TASK DETAILS –
Each entry below should be restated word for word, without any picture it contains.

DATA FOR THIS EXERCISE below:

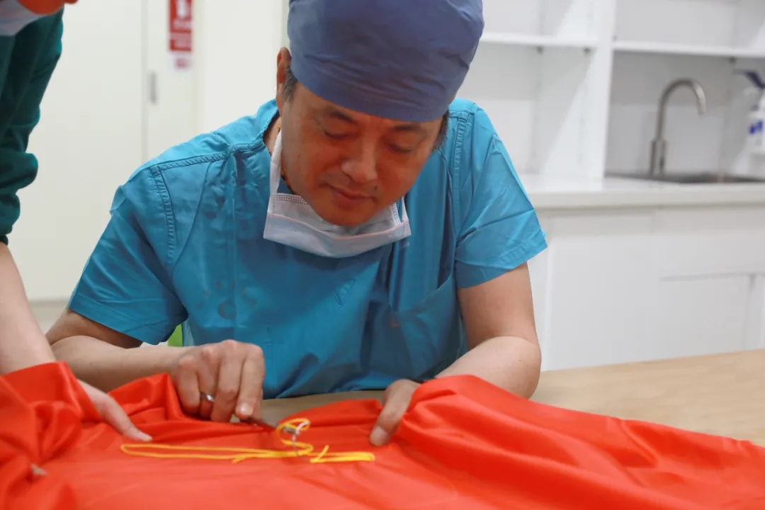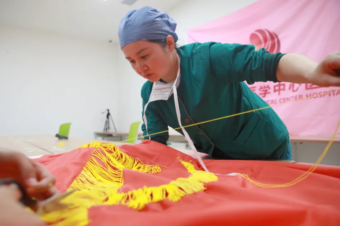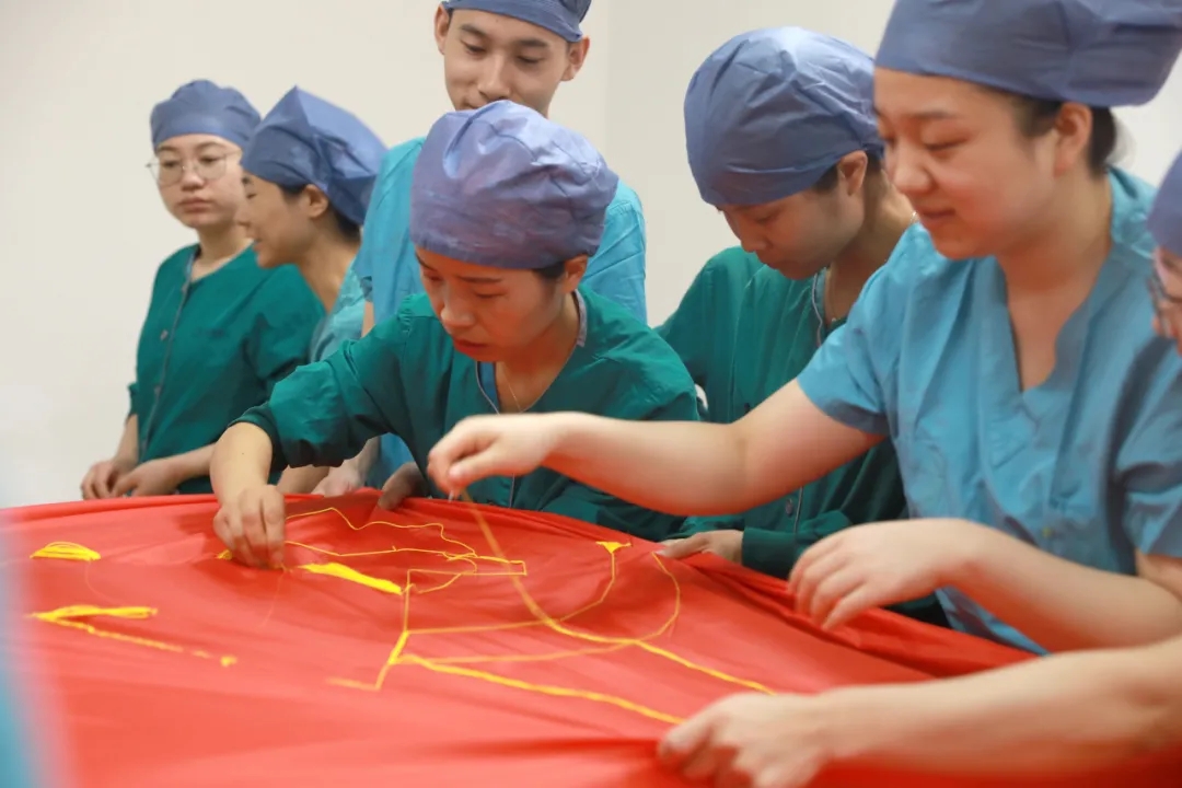 有著15年黨齡的主管護師譚婷婷覺得這項活動很有紀念意義?!啊细锩龅搅诵聠栴},用手術(shù)針繡旗有難度,既要保持旗面平整,又要保證針腳密集,這樣繡出來的圖案立體,色彩飽滿?!蓖ㄟ^活動,她充分感受到向上奮進的正能量,將永葆黨員的先進性。
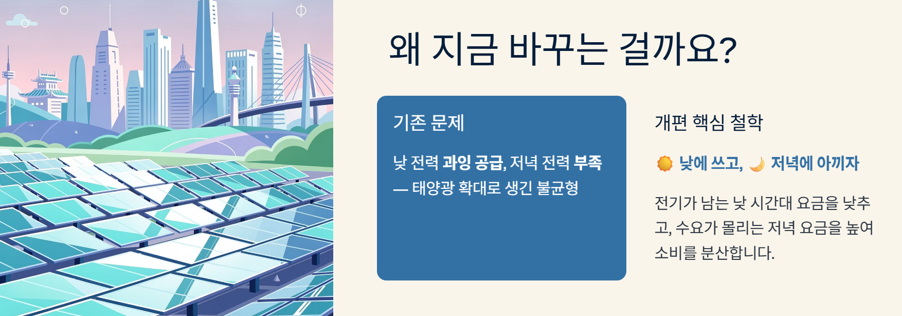 이번 개편의 가장 큰 목적은 에너지 소비 효율화에 있습니다. 그동안 우리나라는 낮 시간대에 전력을 많이 쓴다는 전제하에 요금을 설계해 왔는데요. 최근 태양광 발전이 늘어나면서 낮에는 전력이 남고, 오히려 해가 지는 저녁 시간대에 전력이 부족해지는 현상이 발생하고 있어요.
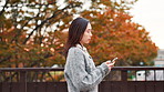 Stock Photo - Japanese, woman and late outdoor on park bridge with phone checking for time and rush to job in city. Urban, professional and Tokyo with run for appointment and work schedule in morning and autumn
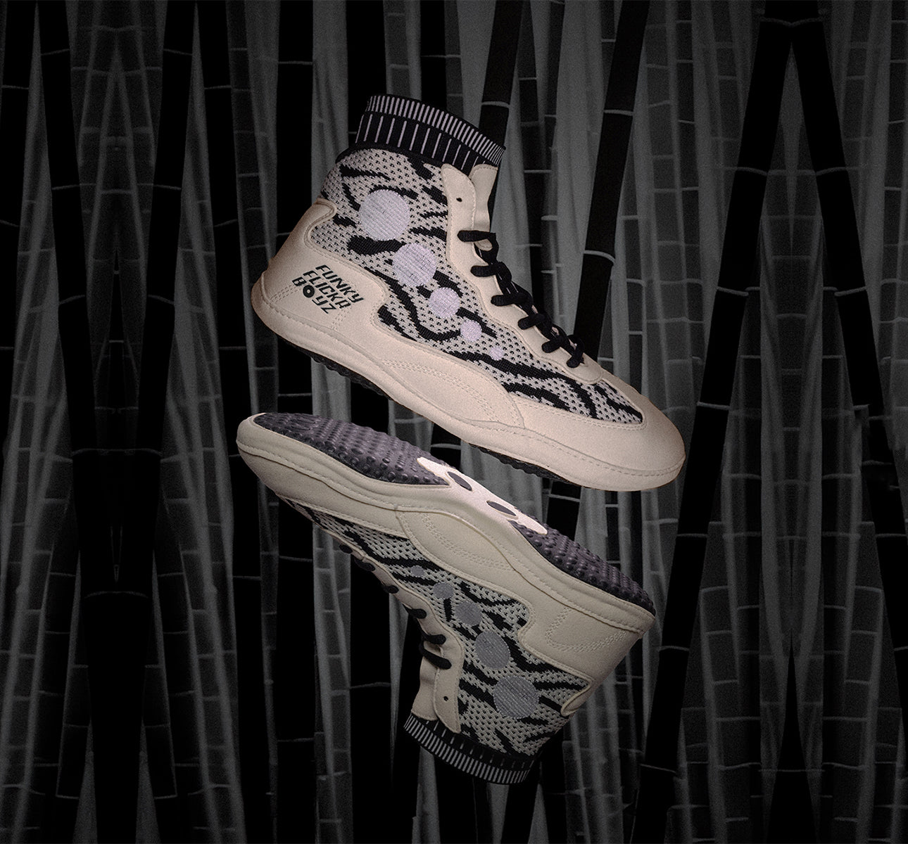 Get a competitive edge on the mat with the FFB Interlude "Panda" Wrestling Shoes. Named after its black and white accents, the shoes are guaranteed to look good with any singlet. The shoes were built to maximize flexibility, support, and grip. Our premium Funkknit technology allows for the best fitting wrestling shoe on the market. The shoes feature an Unlimited Traction Split Sole to ensure you never slip on the mat again. The new Interlude design features a revolutionary, premium, microsuede material to maximize durability. Combining proven old-school success with advanced technology.
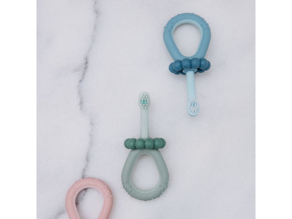 - Masážní kousátko na dásně (0 m+) - 100% silikon, různé tvary a textury pro masáž dásní při prořezávání zoubků
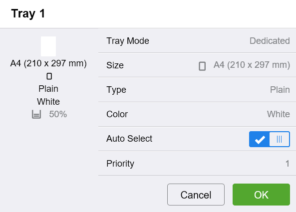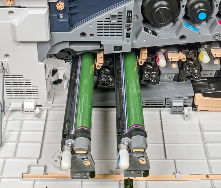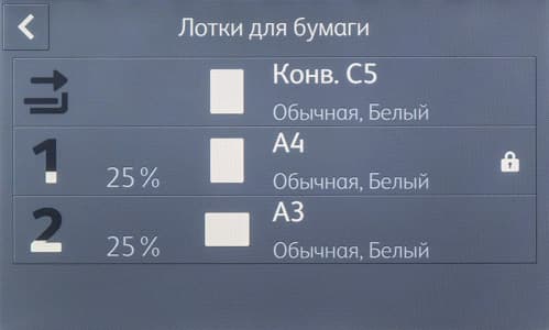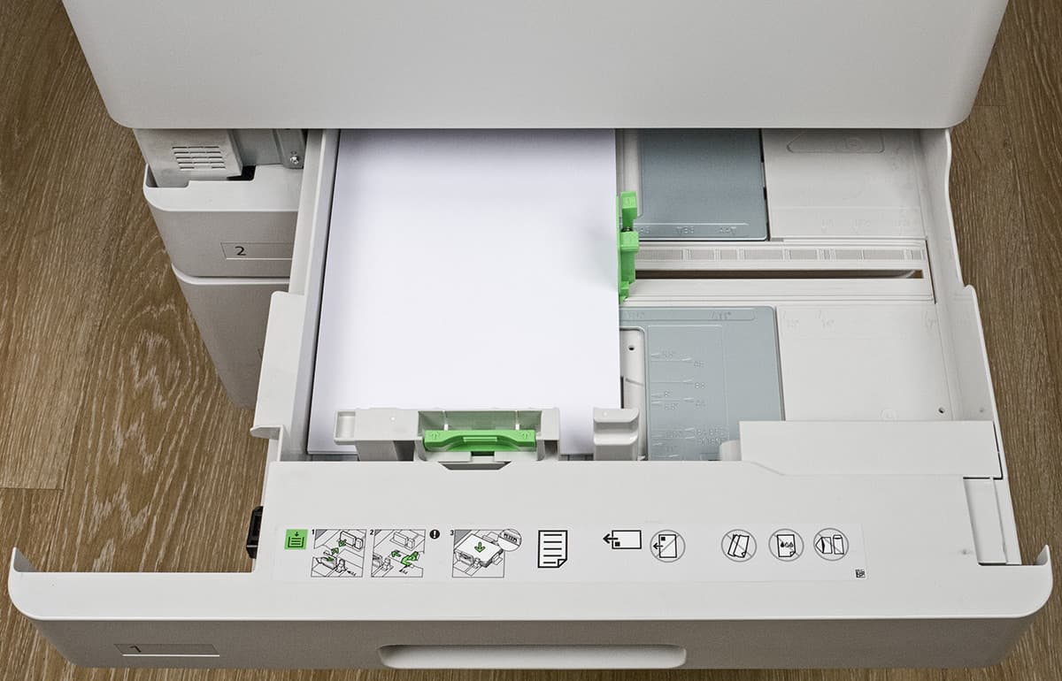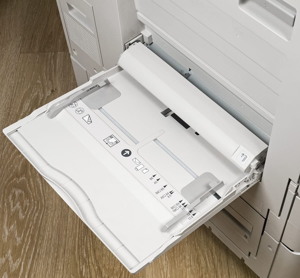 В нижней части принтера расположены два штатных выдвижных лотка вместимостью по 520 листов бумаги (здесь и далее — плотностью 80 г/м², если не указано иное). Оба они рассчитаны на бумагу с плотностью до 300 г/м², но немного отличаются по максимальному формату: если верхний (первый) рассчитан на листы форматом до А3 включительно, то второй можно использовать и для листов SRA3 (320×450 мм). Минимальный стандартный формат для этих лотков — А5 (148×210 мм).
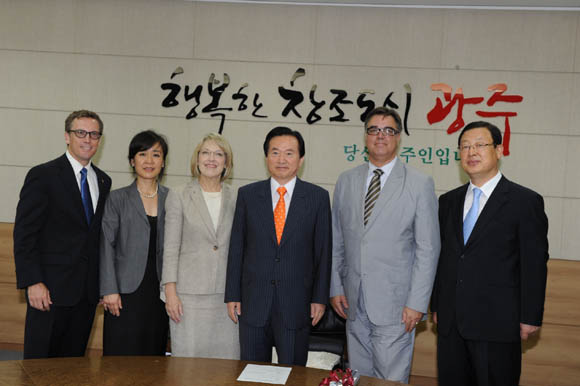 광주시의 자매도시인 미국 텍사스주 샌안토니오 시의 엘리자베스 코스텔로 국제국장, 페릭스 패드론 문화국장, 카일번스 FTA 회장, 상공회의소의 캐서린 김 등 4명이 23일 강운태 광주시장을 방문했다.
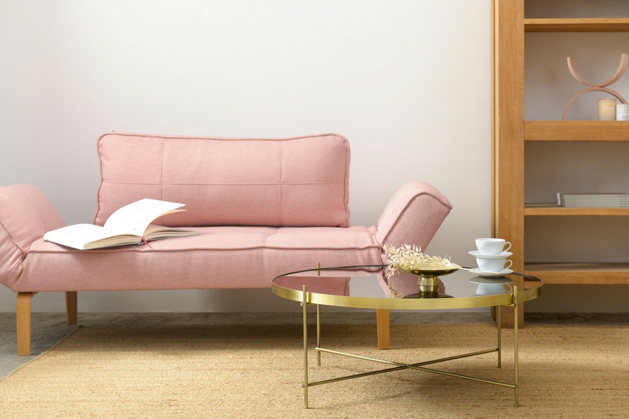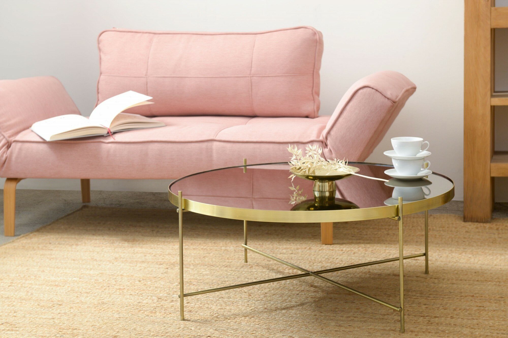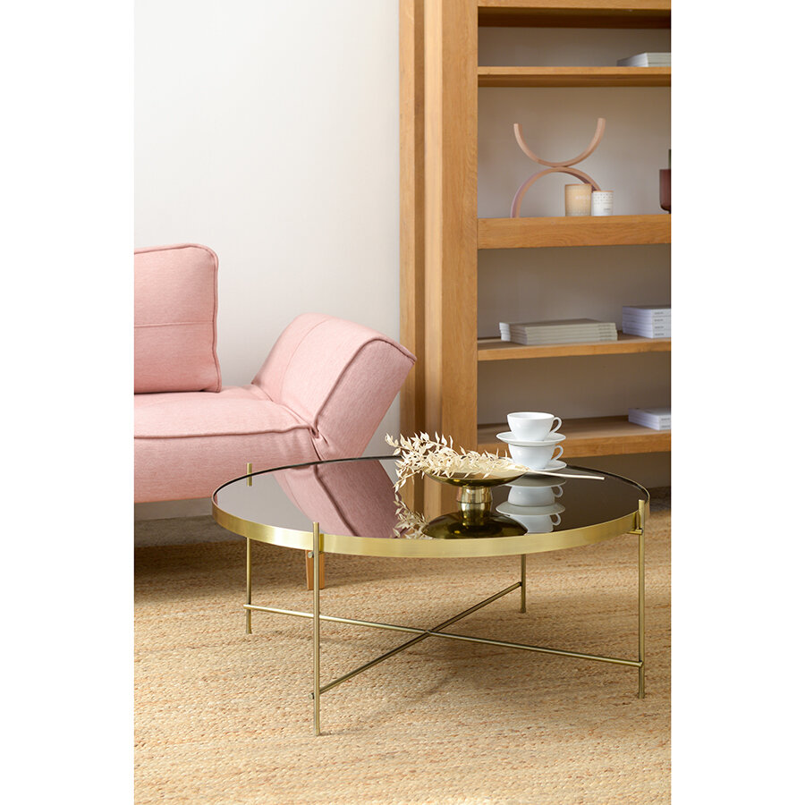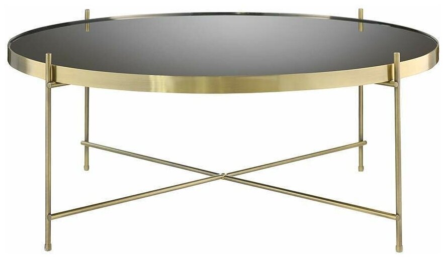 Материалы: столешница – коричневое зеркало, каркас – сталь с бронзовым покрытием. Размеры: диаметр – 84,8 см, высота – 33 см.

End of DATA FOR THIS EXERCISE.

ANSWER TO THIS PROBLEM –
 有著15年黨齡的主管護師譚婷婷覺得這項活動很有紀念意義?!啊细锩龅搅诵聠栴},用手術(shù)針繡旗有難度,既要保持旗面平整,又要保證針腳密集,這樣繡出來的圖案立體,色彩飽滿?!蓖ㄟ^活動,她充分感受到向上奮進的正能量,將永葆黨員的先進性。
 이번 개편의 가장 큰 목적은 에너지 소비 효율화에 있습니다. 그동안 우리나라는 낮 시간대에 전력을 많이 쓴다는 전제하에 요금을 설계해 왔는데요. 최근 태양광 발전이 늘어나면서 낮에는 전력이 남고, 오히려 해가 지는 저녁 시간대에 전력이 부족해지는 현상이 발생하고 있어요.
 Stock Photo - Japanese, woman and late outdoor on park bridge with phone checking for time and rush to job in city. Urban, professional and Tokyo with run for appointment and work schedule in morning and autumn
 Get a competitive edge on the mat with the FFB Interlude "Panda" Wrestling Shoes. Named after its black and white accents, the shoes are guaranteed to look good with any singlet. The shoes were built to maximize flexibility, support, and grip. Our premium Funkknit technology allows for the best fitting wrestling shoe on the market. The shoes feature an Unlimited Traction Split Sole to ensure you never slip on the mat again. The new Interlude design features a revolutionary, premium, microsuede material to maximize durability. Combining proven old-school success with advanced technology.
 - Masážní kousátko na dásně (0 m+) - 100% silikon, různé tvary a textury pro masáž dásní při prořezávání zoubků
 В нижней части принтера расположены два штатных выдвижных лотка вместимостью по 520 листов бумаги (здесь и далее — плотностью 80 г/м², если не указано иное). Оба они рассчитаны на бумагу с плотностью до 300 г/м², но немного отличаются по максимальному формату: если верхний (первый) рассчитан на листы форматом до А3 включительно, то второй можно использовать и для листов SRA3 (320×450 мм). Минимальный стандартный формат для этих лотков — А5 (148×210 мм).
 광주시의 자매도시인 미국 텍사스주 샌안토니오 시의 엘리자베스 코스텔로 국제국장, 페릭스 패드론 문화국장, 카일번스 FTA 회장, 상공회의소의 캐서린 김 등 4명이 23일 강운태 광주시장을 방문했다.
 Материалы: столешница – коричневое зеркало, каркас – сталь с бронзовым покрытием. Размеры: диаметр – 84,8 см, высота – 33 см.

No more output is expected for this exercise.